For 00 cycles, the discharge capacity [mA · H] is calculated from the discharge current value and the discharge time. Then, the discharge capacity [mA · H] at 500 cycles was divided by the discharge capacity [mA · H] at the first cycle to obtain the discharge capacity change rate [%].
The test results are shown in Table 1.

[0077]

[Table 1]

[0078]

As is apparent from the above description, according to the present invention, there is provided a lithium ion secondary battery in which all of the low temperature characteristics, the cycle characteristics and the high rate discharge characteristics are greatly improved as compared with the prior art.

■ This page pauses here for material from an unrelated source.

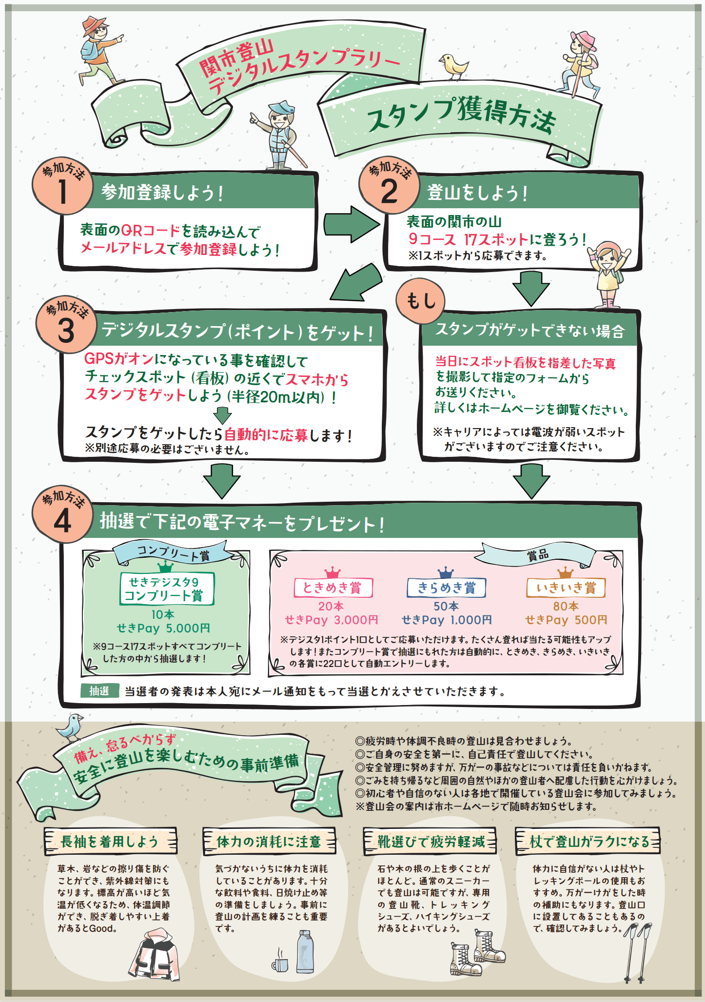 ・当選者には、参加登録時のメールアドレスに当選メールを送信しますので、必要事項を記入の上返信してください。その後、郵送で「せきPAY」の登録案内、QRコード等を郵送し完了となります。
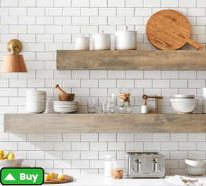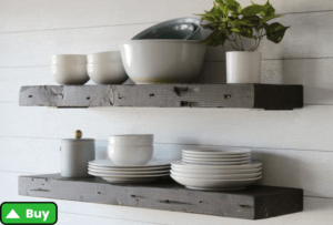 In the kitchen, floating shelves can serve both functional and decorative purposes. Choose sturdy, wide shelves made from walnut, maple, or mango wood to hold your everyday dishes, glasses, and even some pantry staples. To keep it functional, ensure frequently used items are within easy reach. To keep it chic, use matching dishes and glassware sets and store dry goods in stylish containers. Adding a few cookbooks, small plants, and decorative kitchen items can elevate the look. Ensure the shelves are installed securely to handle the weight, and consider under-shelf lighting to highlight your displays and provide task lighting.

You can Therefore, it can be suitably used for observation equipment, communication equipment, electric vehicles, power storage equipment, and other equipment that is expected to be used at low temperatures and that requires large-current discharge.

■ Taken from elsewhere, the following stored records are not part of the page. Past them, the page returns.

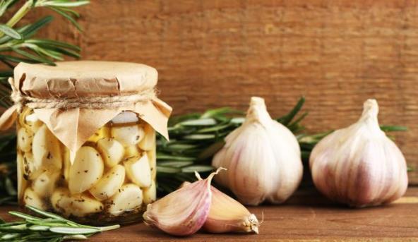 1. U manjoj posudi zagrejte sirće, šećer i so, pa pustite da provri, dodajte začine i još vruće prelijte preko čenova belog luka koje ste gusto složili u prethodno sterilizovanu teglicu.
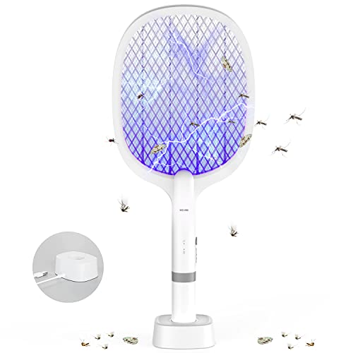 USB-Laden und große Netzoberfläche — Mit einem eingebauten 1200mAh Akku und einer Ladestation kann diese elektrische Fliegenklatsche bequem über USB aufgeladen werden. Die 22x16cm große Netzoberfläche, bestehend aus drei Schichten ineinandergreifender Gitter, fängt Mücken und andere fliegende Insekten effektiv ein.
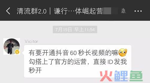 比如你在群里说:最近勾搭上了抖音的运营,可以无门槛开60S视频权限,需要的私聊我,仅限本群伙伴噢~这样的引流效果你想想能不好吗?
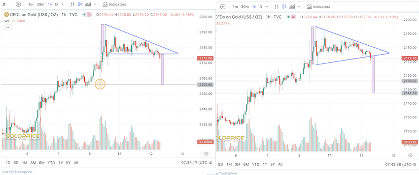 ...wenn der Gold-Kurs kurz vor dem Kreuzwiderstand zurück uns Dreieck käme, gleich die Oberseite durchbräche und in der Folge von oben den Kreuzwiderstand testen würde.
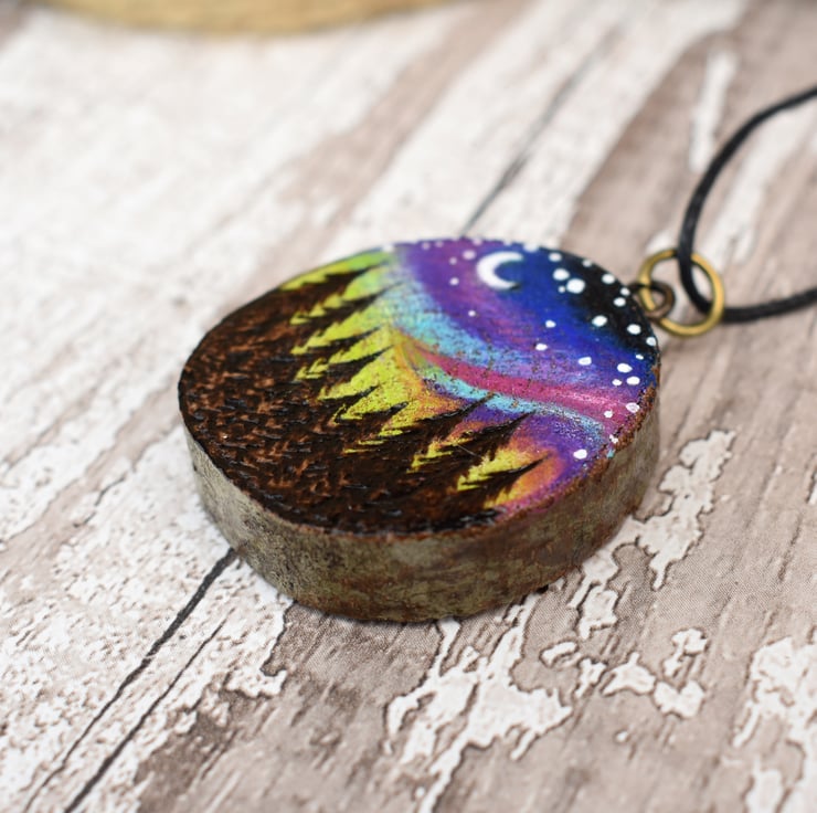 A forest or woodland themed wood slice, with a treescape silhouette hand burned into this branch piece using pyrography and then the sky is brightly coloured with prismacolor pencils. This is a chunky wood slice piece. A great idea for a five year wood anniversary gift.
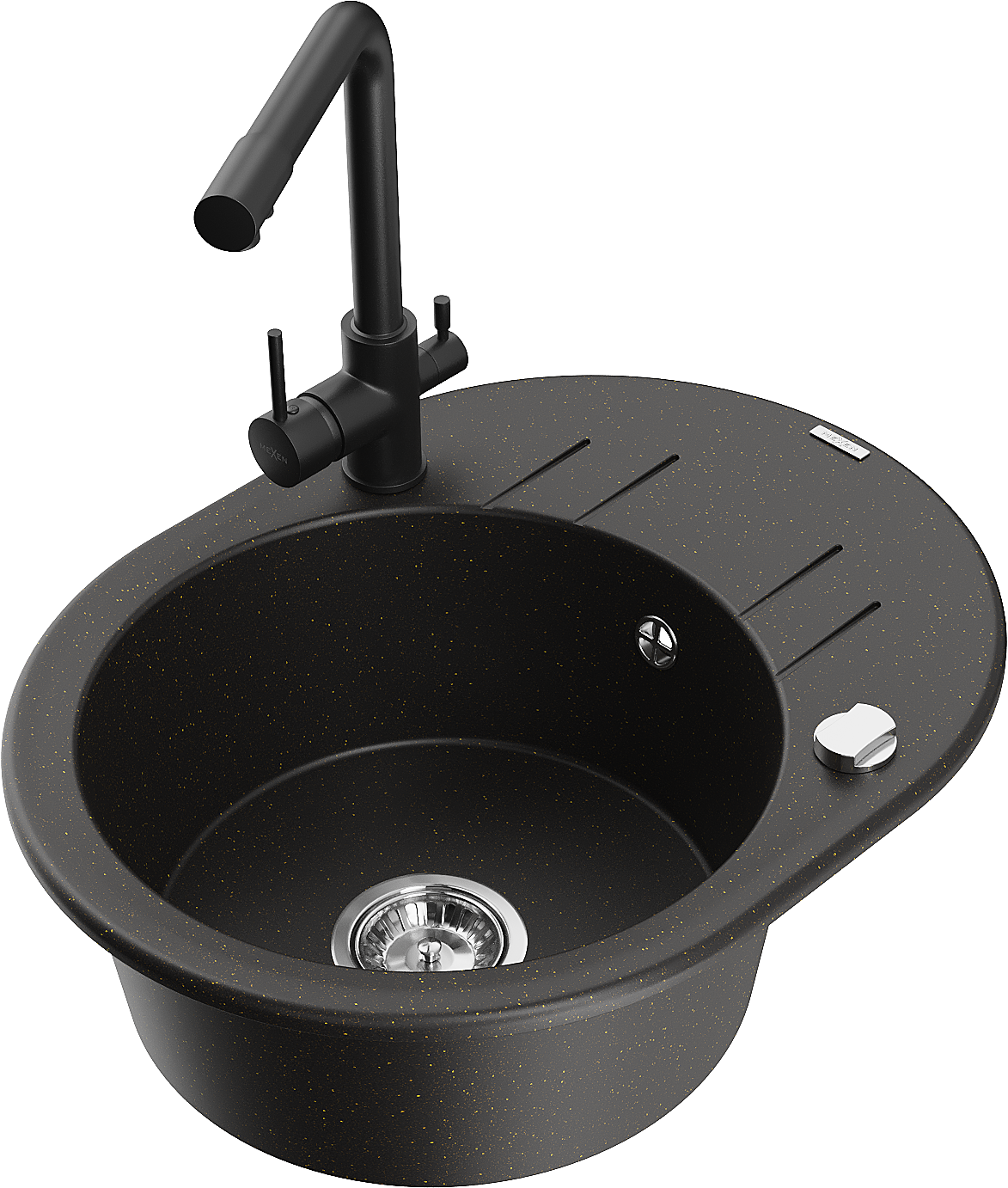 Mexen Kevin vienos kameros granitinis kriauklė su nutekėjimu ir virtuvės maišytuvu Duero, juoda/auksinė metaliko - 6517-75-6716?
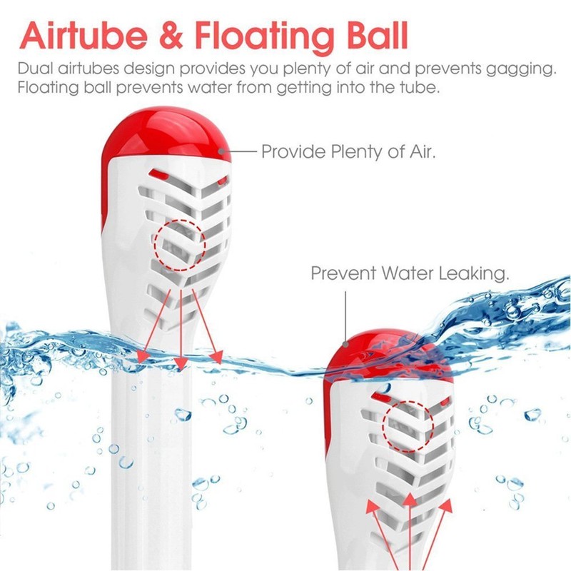 - ★DRY-TOP VALVE & SAFETY – A ball on the top of the snorkel seals it automatically when you are submerged. Then the water cannot enter. Safe and soft silicone prevents allergic skin irritation and other skin problems.
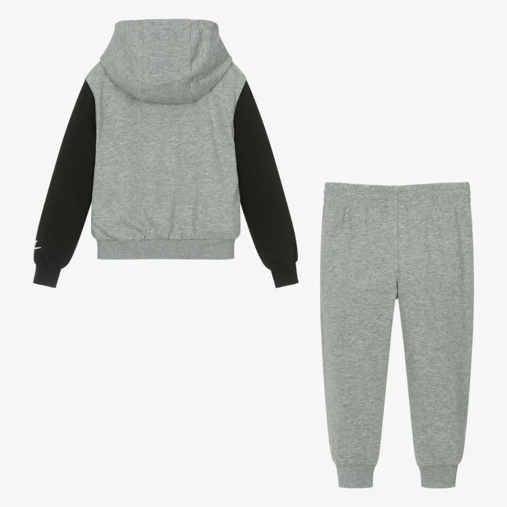 Grey tracksuit for boys by American sportswear brand Nike, made in soft and stretchy cotton jersey. The hooded top has black sleeves and a contrasting blue lining in the hood. There is a pouch pocket on the front and a colourful 'Just Do It' Swoosh logo on the chest. A smaller white Swoosh logo features on one sleeve. The joggers have a matching logo on the front and an elasticated waist for a comfortable fit.
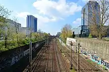 Warsaw cross-city line (Polish: Linia Średnicowa w Warszawie) is a 7 km (4.3 mi) railway line crossing Central Warsaw in the east–west direction. Opened in 1933 and electrified in 1936, it initially had two tracks, with an additional two added in 1967.[1] The central part of the line is in a tunnel, which is 2,226 m (7,303 ft 2 in) long.[2] It then crosses the Vistula by the Średnicowy railway bridge 470.15 m (1,542 ft 6 in)[3] long located between Poniatowski Bridge and Świętokrzyski Bridge.

   ─────────────────────────────────────────────────── ─── Continued front page    (72) Inventor Kenichi Kizu             4-3 Ikejiri, Itami City, Hyogo Prefecture Mitsubishi Electric Cable             Industrial Co., Ltd. Itami Works (72) Inventor Ken Moriuchi             4-3 Ikejiri, Itami City, Hyogo Prefecture Mitsubishi Electric Cable             Industrial Co., Ltd. Itami Works F term (reference) 5H029 AJ02 AJ05 AK03 AL06 AL07                       AM03 AM05 AM07 DJ08 DJ16                       EJ04 EJ12 HJ01 HJ05 HJ09                       HJ14                 5H050 AA02 AA06 AA07 BA17 CA08                       CB07 CB08 DA10 DA11 EA09                       EA10 EA24 FA17 GA22 HA01                       HA05 HA09 HA10 HA14

Claims (2)

[Claims] 1. A lithium ion secondary battery comprising at least a positive electrode plate, a negative electrode plate and an electrolytic solution, wherein the positive electrode plate comprises an active material composed of a Li—Co based complex oxide, and a particle size of 4 to 8 μm. 70% by weight of the total amount of the large-diameter component and the small-diameter component having a particle diameter of 0.1 μm or less within the range of
Above, and the weight ratio of the large diameter component and the small diameter component is 1:
A coating layer containing a granular conductive material of 0.01 to 1: 1 and polyvinylidene fluoride having a melting point of 165 ° C. or lower is formed on the current collector, and the porosity of the coating layer is adjusted. 0.
The lithium ion secondary battery is set in a range of 08 to 0.14 CC / g, and the viscosity (23 ° C.) of the electrolytic solution is 3.0 cps or less. 2. The lithium ion secondary battery according to claim 1, wherein the granular Li—Co-based composite oxide has an average particle size of 10 μm or more.